Cependant, la Cour n’a pas révélé les motifs qui l’ont conduite à accepter d’entendre l’appel de Radio-Canada dans cette affaire – mais c’est la pratique usuelle. Radio-Canada a publié une déclaration le 13 juillet dernier dans la foulée de la décision du CRTC.
Pour la SRC, « la décision du CRTC soulève des enjeux importants sur l’indépendance de notre journalisme », indique dans un courriel le premier directeur, promotion et relations publiques à Radio-Canada, Marc Pichette. C’est la raison pour laquelle, ajoute-t-il, « la Société fait appel de la décision » du CRTC.
Comme l’affaire est devant les tribunaux, M. Pichette précise que la Société Radio-Canada ne fera pas d’autres commentaires « au-delà de ce que nous avons affirmé dans notre déclaration du 13 juillet ».
Dans la déclaration du 13 juillet, Radio-Canada reconnaissait toutefois que « le "mot en n" est une insulte raciste et blessante, en français et en anglais ». Mais la Société expliquait aussi que « dans les rares occasions où ce mot est utilisé par une organisation médiatique, il doit être mis en contexte afin d’essayer de minimiser le mal que son utilisation pourrait causer ».

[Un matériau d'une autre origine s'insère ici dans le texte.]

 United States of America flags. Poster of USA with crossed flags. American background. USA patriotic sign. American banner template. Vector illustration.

Radio-Canada avait donc présenté ses « excuses à la personne qui a déposé une plainte », Ricardo Lamour, mais soulignait du même souffle que « nous devons faire appel (de la décision) quant au droit juridictionnel du CRTC de prendre des décisions qui devraient relever de nos chefs des nouvelles. L’indépendance journalistique est primordiale pour l’ensemble d’entre nous », peut-on lire dans la déclaration.

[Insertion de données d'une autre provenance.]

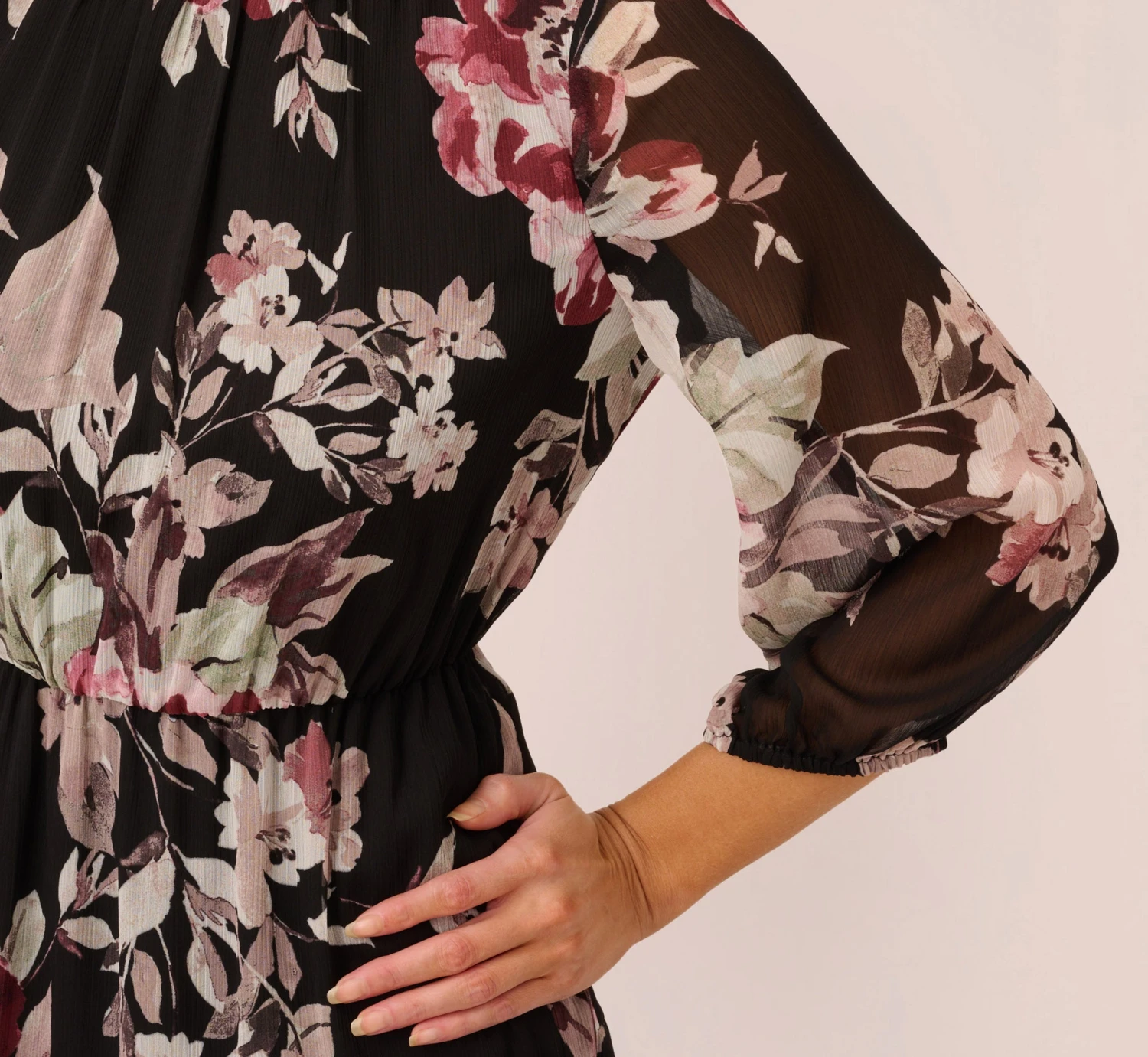 Effortless and comfortable, this three quarter sleeve dress is a beautiful look no matter the season. This floral dress features a fitted bodice with boat neckline and soft skirt. The three quarter length bishop sleeves are sheer and flowing. This cute dress is crafted from floral printed chiffon fabric and has an elastic waist for a comfortable fit for all body types. The soft skirt has a tiered design adding a final romantic touch to this pull-on dress. Perfect for a day at the office or a date night out, this chiffon dress is a pretty look.

La SRC considère que « le CRTC a outrepassé ses pouvoirs en ce qui a trait à l'indépendance du diffuseur public ». C’est dans ce contexte que Radio-Canada a décidé de porter la décision du CRTC devant la Cour d’appel fédérale, qui accueille favorablement cette demande.
La plainte d’un auditeur
L'affaire remonte au mois d’août 2020. Durant un segment de l’émission Le 15-18 animée par Annie Desrochers sur ICI Radio-Canada Première dans le Grand Montréal, le chroniqueur Simon Jodoin a utilisé à quatre reprises le « mot en n ». Le chroniqueur partageait son avis sur l’acceptabilité sociale de nommer le titre du livre de Pierre Vallières, Nègres blancs d’Amérique, après le lancement d’une pétition exigeant le renvoi d’une professeure de l’Université Concordia qui avait cité l’ouvrage en classe.
Irrité par l’emploi du « mot en n », l’auditeur à l'origine de cette décision, Ricardo Lamour, a d’abord porté plainte au Conseil et à l’ombudsman des services français de la SRC. La plainte a été transmise à la première cheffe de contenu de l’émission. Le plaignant y condamnait la mention du titre complet de l’œuvre et l’absence de mise en garde et d’explications sur la charge du mot.

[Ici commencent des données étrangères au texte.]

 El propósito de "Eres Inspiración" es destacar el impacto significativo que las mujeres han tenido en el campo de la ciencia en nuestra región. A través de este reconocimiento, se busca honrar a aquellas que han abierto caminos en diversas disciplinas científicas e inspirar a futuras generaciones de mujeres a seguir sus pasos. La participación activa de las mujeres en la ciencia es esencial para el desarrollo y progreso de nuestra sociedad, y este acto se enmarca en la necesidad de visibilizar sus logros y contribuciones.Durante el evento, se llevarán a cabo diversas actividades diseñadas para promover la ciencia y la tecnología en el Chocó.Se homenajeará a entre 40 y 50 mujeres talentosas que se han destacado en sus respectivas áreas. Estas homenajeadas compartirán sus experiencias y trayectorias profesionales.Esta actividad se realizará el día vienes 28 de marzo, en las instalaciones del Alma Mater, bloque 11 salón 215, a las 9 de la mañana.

Le plaignant, insatisfait de la réponse qu’il a obtenue de la cheffe de contenu de l’émission, s’était alors adressé à l’ombudsman des services français de Radio-Canada pour obtenir une révision. Celui-ci avait conclu que la SRC n’avait pas contrevenu aux normes et pratiques journalistiques de Radio-Canada dans le cadre de cette chronique.
M. Lamour s’était donc tourné vers le CRTC pour obtenir un réexamen de la décision de l’ombudsman de la SRC.
Dans sa décision rendue le 29 juin dernier, le CRTC a blâmé la SRC pour l’utilisation répétée du « mot en n » durant une émission radiophonique et a exigé que le diffuseur public offre des excuses écrites publiques, ainsi qu’un plan pour éviter que pareille situation ne se reproduise.